Aamir Khan proves his versatility as an actor yet again, playing not one, not two but three roles in this film. As Sanjay Singhania, the savvy corporate honcho, he is polite, yet has a brisk and efficient air to him (a lot like his real life self). As 'Sachin', a struggling actor romancing Kalpana he plays the shy and unassuming everyman, albeit one replete with both confidence and sincerity.

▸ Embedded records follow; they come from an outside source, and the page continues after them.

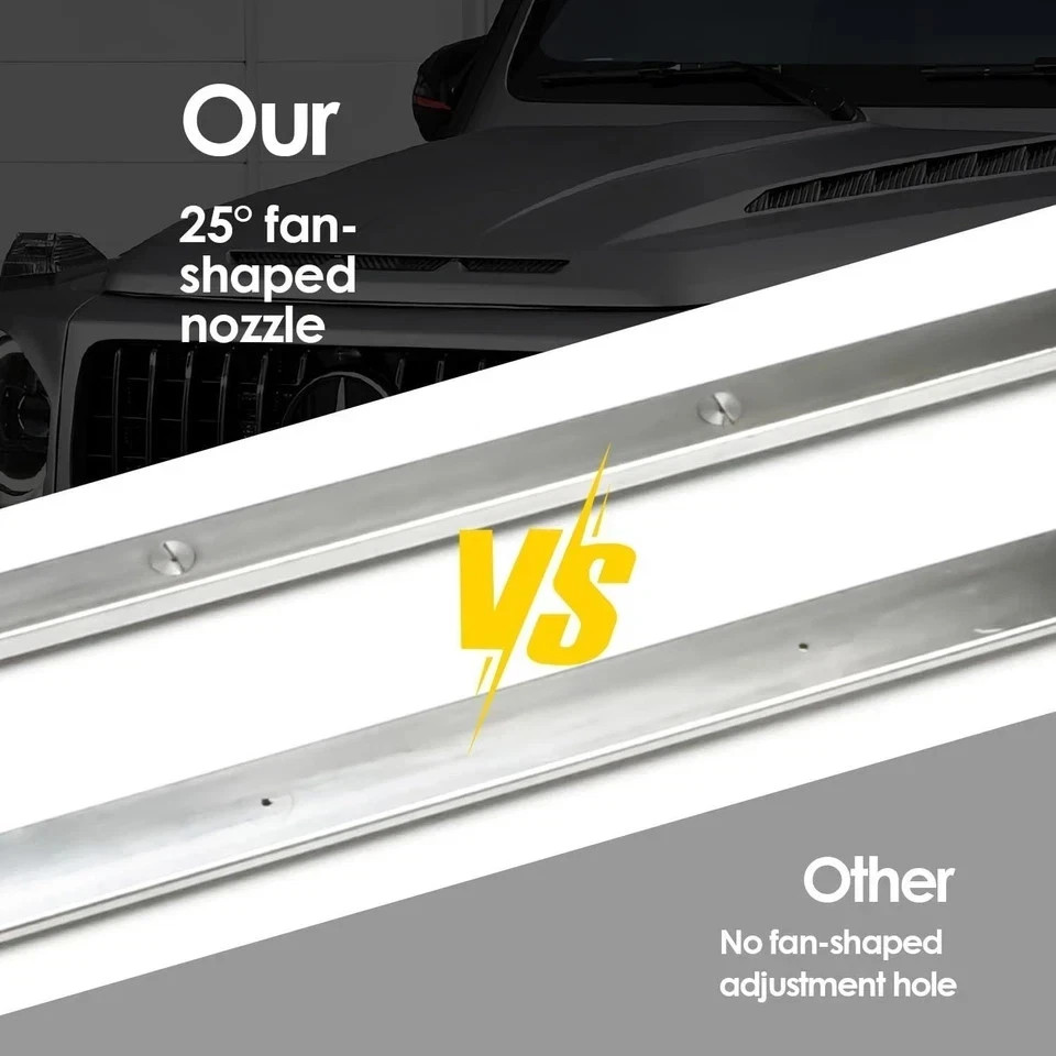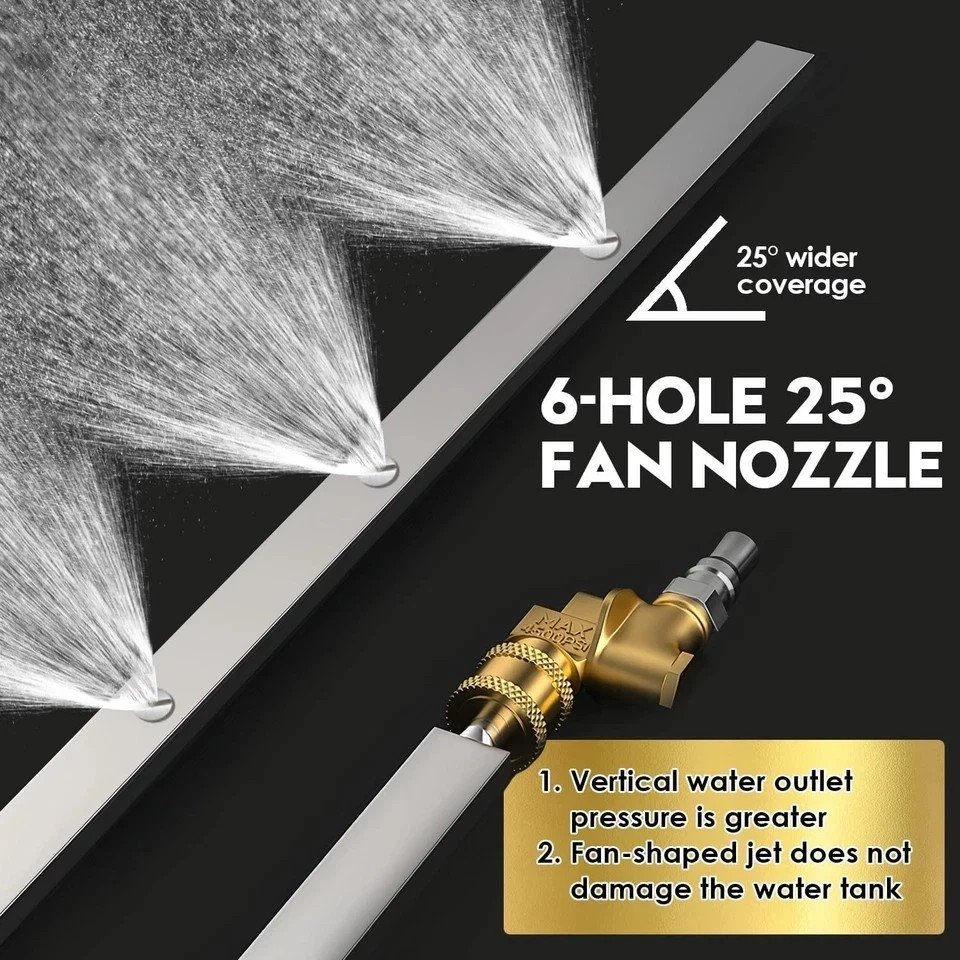 Higher Water Pressure: After testing, under the same water pressure, the 6-hole 25° fan-shaped nozzle radiator cleaning wand has a more powerful force of water and a wider coverage area, which can provides a powerful spray that effortlessly removes stains and residue from the tank, leaving it spotless Efficient Cleaning: Radiator cleaning wand has a flat and elongated design making it more suitable for cleaning narrow areas. and it fits securely with pressure washer gun, you was able to get underneath your car easier, and get all the nooks and crannies you usually miss, it has been incredibly effective for maintaining your vehicle’s water tank Multipurpose quick connector: The quick connector can rotate 180 degrees, solving the problem of pressure reduction caused by bending the water pipe, and can withstand a maximum of 4500PSI. Radiator cleaner wand with a 1/4" quick connect adapter, so you can also plug it directly into a high pressure water gun and air pressure interface Problem Solved: Radiator has not been cleaned for a long time or has been driven off-road many times in muddy conditions, this would result in overheating of the engines and poor cooling via the A/C. You need this radiator cleaning tool, inserted it between the radiator and A/C condenser coils to backwash all the dirt and debris. It worked great Rugged and Durable: Pressure washer radiator wand is made of stainless steel, which is durable, efficient, and delivers excellent results, making it a must-have for any thorough vehicle maintenance routine. Radiator cleaning tool includes 1*pure copper quick-disconnect connector, 1*39-inch long pressure washer wand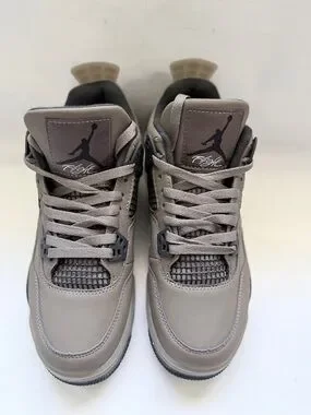 Classic Jordan silhouette. Smooth grey upper with black accents. Padded collar and cushioned midsole. Durable rubber outsole for traction. Breathable mesh panels for airflow. No box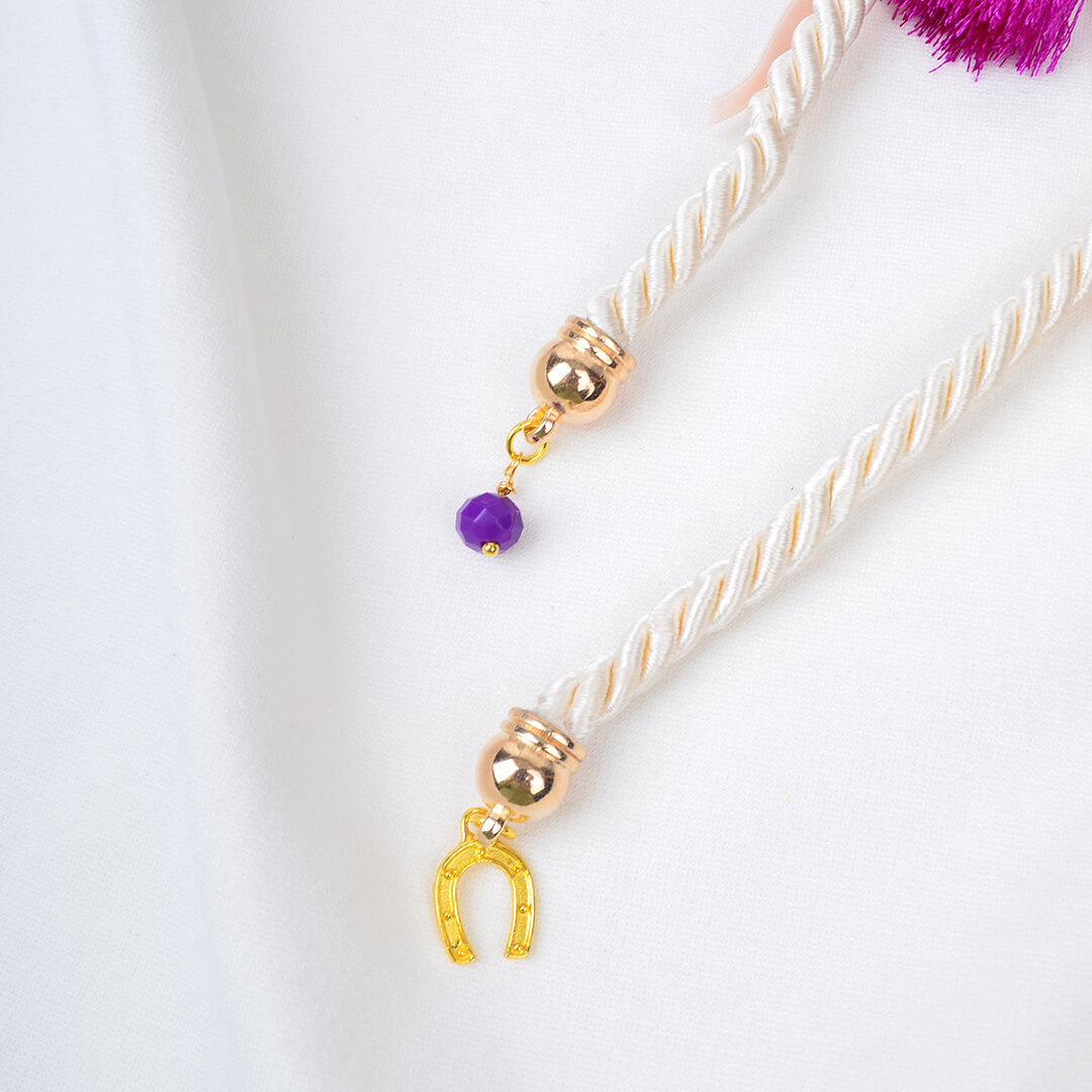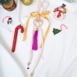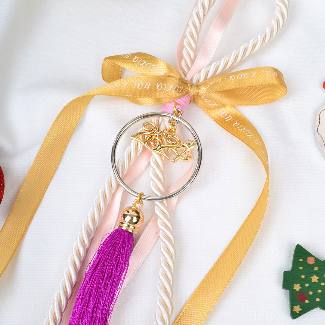 Χειροποίητο κρεμαστό γούρι 2024 φτιαγμένο με μπεζ σατέν κορδόνι, μώβ φουντίτσα και πέταλο.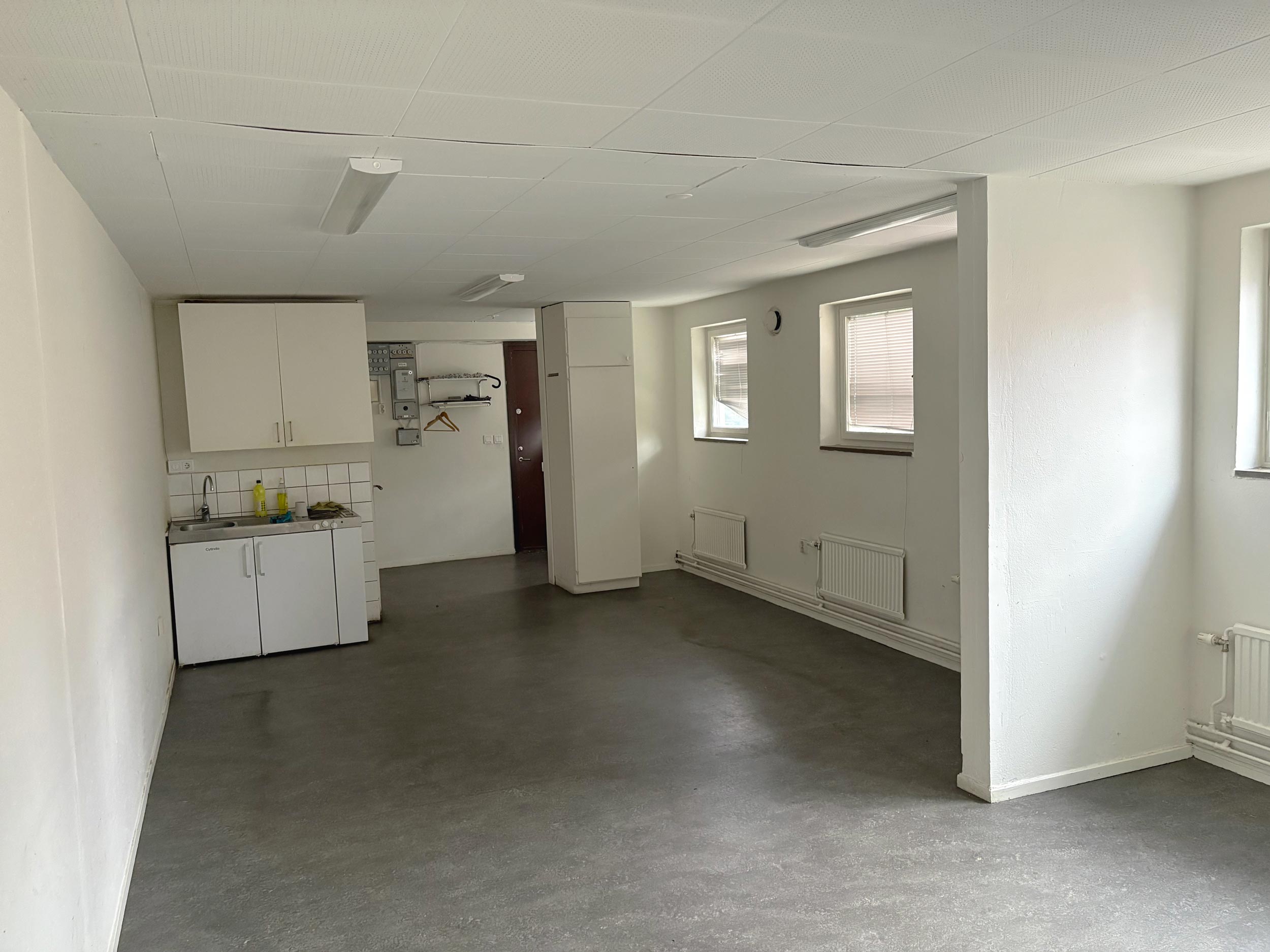 Lokalen har en öppen och lättmöblerad planlösning som kan anpassas efter verksamhetens behov. De stora fönstren ger ett mycket bra ljusinsläpp och skapar en behaglig arbetsmiljö.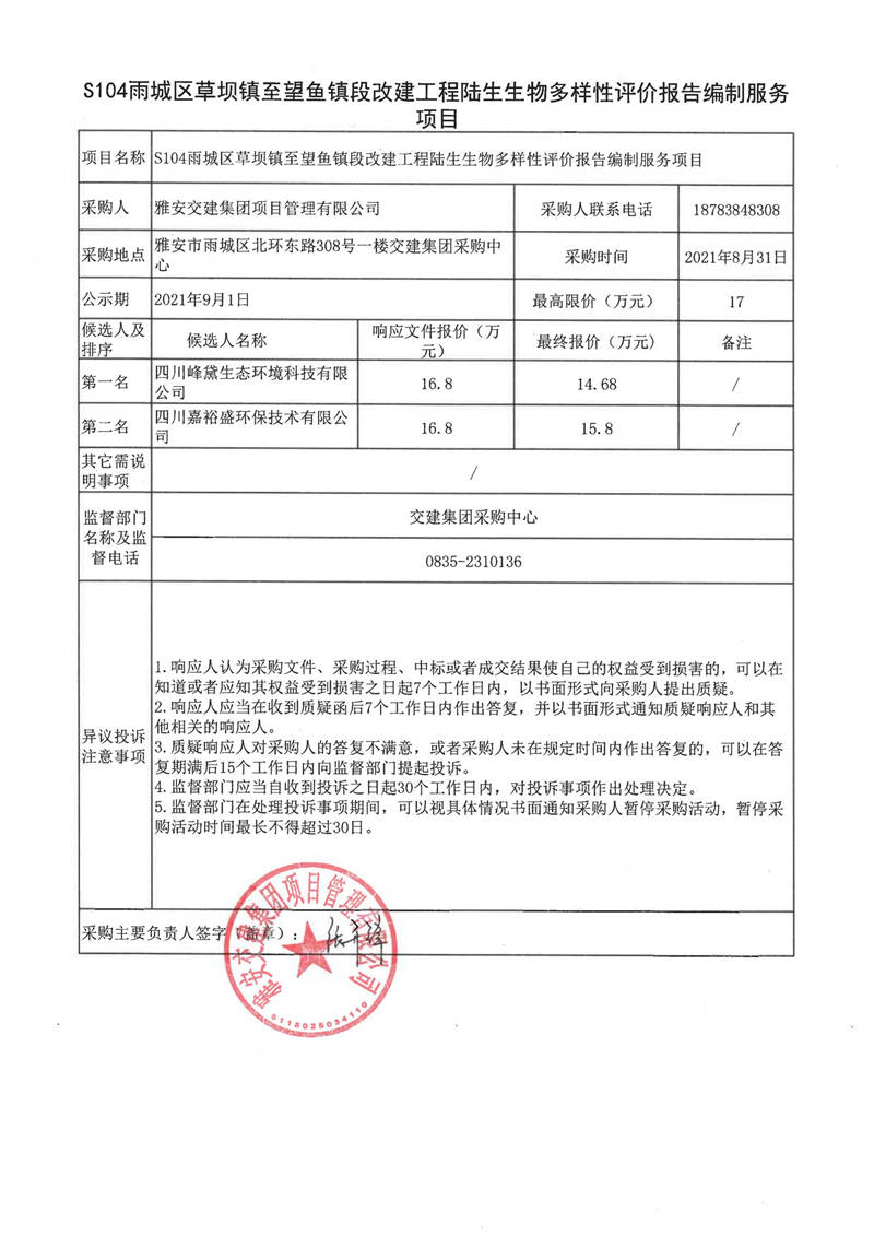雅安交建集團項目管理有限公司S104雨城區(qū)草壩鎮(zhèn)至望魚鎮(zhèn)段改建工程陸生生物多樣性評價報告編制服務(wù)項目評審結(jié)果公示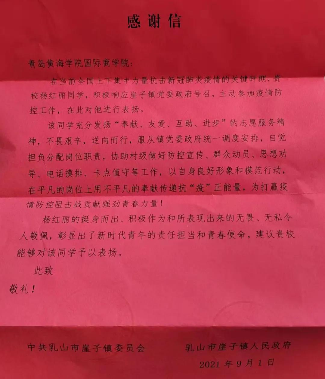目前,疫情防控工作更加深入人心,正是全国上下集中力量抗击新冠肺炎疫情的关键时期,我院杨丽红同学积极响应并主动参加崖子镇党委政府的疫情防控工作,于此得到了乳山市崖子镇人民政府的高度赞扬。

And finally, most notably, he plays the post-amnesiac Sanjay, an almost insane inhuman monster, a killing machine consumed by rage and bloodlust, haunted by shattered memories and yet lost, confused and disoriented whenever his periodic memory loss kicks in. Perhaps one of the best scenes in the film is one early on where, waking up at home, Sanjay wanders through his house clueless, having no idea where he is, until he reaches a mirror on which is written a note which tells him to remove his T-shirt whereupon he sees the tattoos that remind him of his lover's death and his quest to avenge her and cause him to be suddenly overpowered by rage and a desire for vengeance-a transition which we observe several times over the course of the film. Asin does a pretty good job as the bubbly and vivacious Kalpana, making her a likable character who's brutal murder does create the impact on the audience's mind which makes us truly sympathise with Sanjay's quest. Jiah Khan does okay as the medical student who gets dragged into Sanjay's quest for revenge while Pradeep Rawat may come across as an over-the-top clichéd bad guy in his role as the titular 'Ghajini'-but it works well for the story, believe it or not.
This film is actually two films in that the darker 'present day sequences' of Sanjay's orgies of violence seem to belong to an entirely different genre from the lighter comedic flashback sequences, though the shattering of Sanjay's happy past life makes us understand the driving force behind his present day violence. The style of music, dialogue and even settings for both sets of sequences is drastically different as a result-where on one hand you have fancy office blocks, garden parties and the beach side, on the other hand you have seedy back lanes and darkened parking lots.
On the whole despite a few ridiculous plot holes, Ghajini is definitely one of the most entertaining, if not one of the best, films of Bollywood in recent years.